ただの記録映画のように思い出や感傷に浸るのではなくて、ミステリアスなストーリーを軸に大黒座を愛する人たちの思いを精一杯散りばめて、涙あり笑いあり、そしてほんの少しの恋心ありの感動的な映画でした。

最近では3Dの映画上映も普及し、体感型劇場があちこちに作られるなど、映画を観る空間や時間を楽しむ代わりに身近なアトラクションのようなスタイルが確立し始めました。

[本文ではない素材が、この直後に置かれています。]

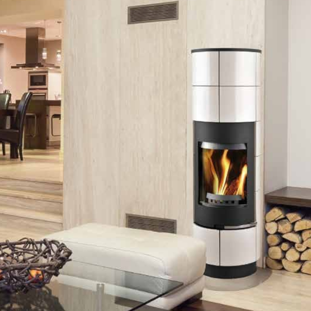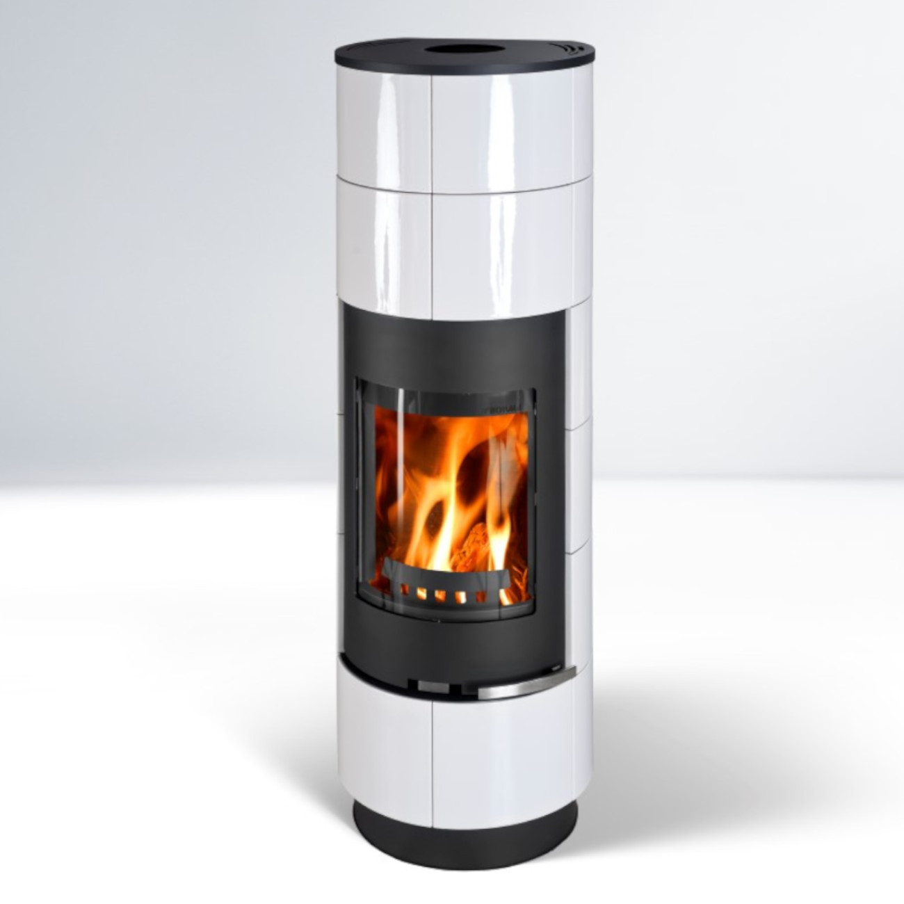 Der Delia Keramik Speicher-Kaminofen Weiß ist ein majestätischer Kachel-Kaminofen mit optionaler zusätzlicher Wärmespeicherung durch Speichersteine (bis zu 72 kg). Mit seiner 7 kW Nennwärmeleistung, der großen runden Sichtscheibe und einer eleganten Keramikverkleidung in Weiß bringt er zeitloses Design und kraftvolle Wärme in Ihr Zuhause. Die Design-Tür mit stabilem Stahlrahmen, bei der die Glasscheibe innen anliegt, sowie der dezente Griff rechts unterhalb der Brennkammer, der auch während des Betriebs kühl bleibt, machen diesen Kaminofen zum Blickfang in jedem modernen Wohnraum.

世の中が贅沢になって、映画とは日常とは違う刺激を求めるための存在に変わって行こうとしているように思えます。

確かに古き良き映画館の役目は一旦終わりを迎えるのかもしれません。でもいつかまた生きることが難しい時代が訪れたとき、人々に希望を与えるような温かい映画と映画館が再び戻ってきてくれるような気がします。

そして、天使がまたあの街に戻ってきてくれることを願います。

(追記)この記事を書いた日、映写技師として出演されていた阿藤快さんがお亡くなりになったというニュースがありました。最後の映画出演となったこの作品ではとてもお元気な姿を見せてくださいました。お悔やみ申し上げます。